▶

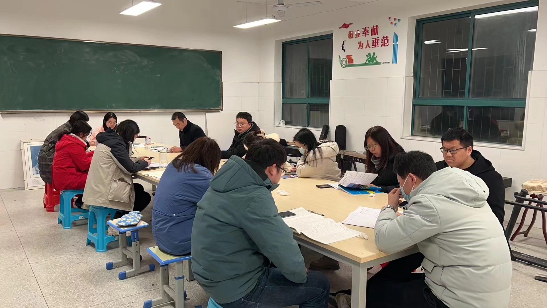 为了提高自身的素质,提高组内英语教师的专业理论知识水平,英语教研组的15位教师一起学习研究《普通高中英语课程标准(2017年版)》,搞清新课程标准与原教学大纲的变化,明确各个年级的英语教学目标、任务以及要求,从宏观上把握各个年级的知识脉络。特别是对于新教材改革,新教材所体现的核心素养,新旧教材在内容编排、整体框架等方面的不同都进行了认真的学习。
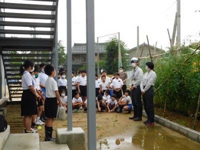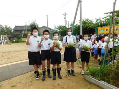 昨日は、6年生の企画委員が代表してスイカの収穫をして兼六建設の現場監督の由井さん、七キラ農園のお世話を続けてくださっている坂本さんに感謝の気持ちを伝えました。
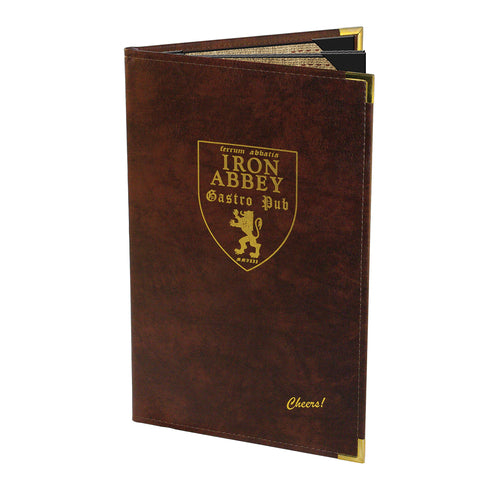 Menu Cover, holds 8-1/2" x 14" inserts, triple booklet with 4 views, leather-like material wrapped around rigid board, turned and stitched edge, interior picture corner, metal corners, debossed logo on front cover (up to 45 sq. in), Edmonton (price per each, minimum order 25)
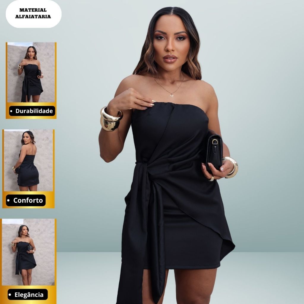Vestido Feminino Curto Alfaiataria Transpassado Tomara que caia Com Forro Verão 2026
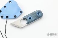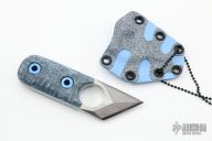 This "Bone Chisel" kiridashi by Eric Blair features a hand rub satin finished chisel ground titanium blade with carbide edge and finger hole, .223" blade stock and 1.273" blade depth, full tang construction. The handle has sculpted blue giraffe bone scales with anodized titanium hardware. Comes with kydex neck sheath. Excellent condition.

◀

*Problem details*
Give the records a second time exactly, keeping the images out.

*Final answer*
 为了提高自身的素质,提高组内英语教师的专业理论知识水平,英语教研组的15位教师一起学习研究《普通高中英语课程标准(2017年版)》,搞清新课程标准与原教学大纲的变化,明确各个年级的英语教学目标、任务以及要求,从宏观上把握各个年级的知识脉络。特别是对于新教材改革,新教材所体现的核心素养,新旧教材在内容编排、整体框架等方面的不同都进行了认真的学习。
 昨日は、6年生の企画委員が代表してスイカの収穫をして兼六建設の現場監督の由井さん、七キラ農園のお世話を続けてくださっている坂本さんに感謝の気持ちを伝えました。
 Menu Cover, holds 8-1/2" x 14" inserts, triple booklet with 4 views, leather-like material wrapped around rigid board, turned and stitched edge, interior picture corner, metal corners, debossed logo on front cover (up to 45 sq. in), Edmonton (price per each, minimum order 25)
Vestido Feminino Curto Alfaiataria Transpassado Tomara que caia Com Forro Verão 2026
 This "Bone Chisel" kiridashi by Eric Blair features a hand rub satin finished chisel ground titanium blade with carbide edge and finger hole, .223" blade stock and 1.273" blade depth, full tang construction. The handle has sculpted blue giraffe bone scales with anodized titanium hardware. Comes with kydex neck sheath. Excellent condition.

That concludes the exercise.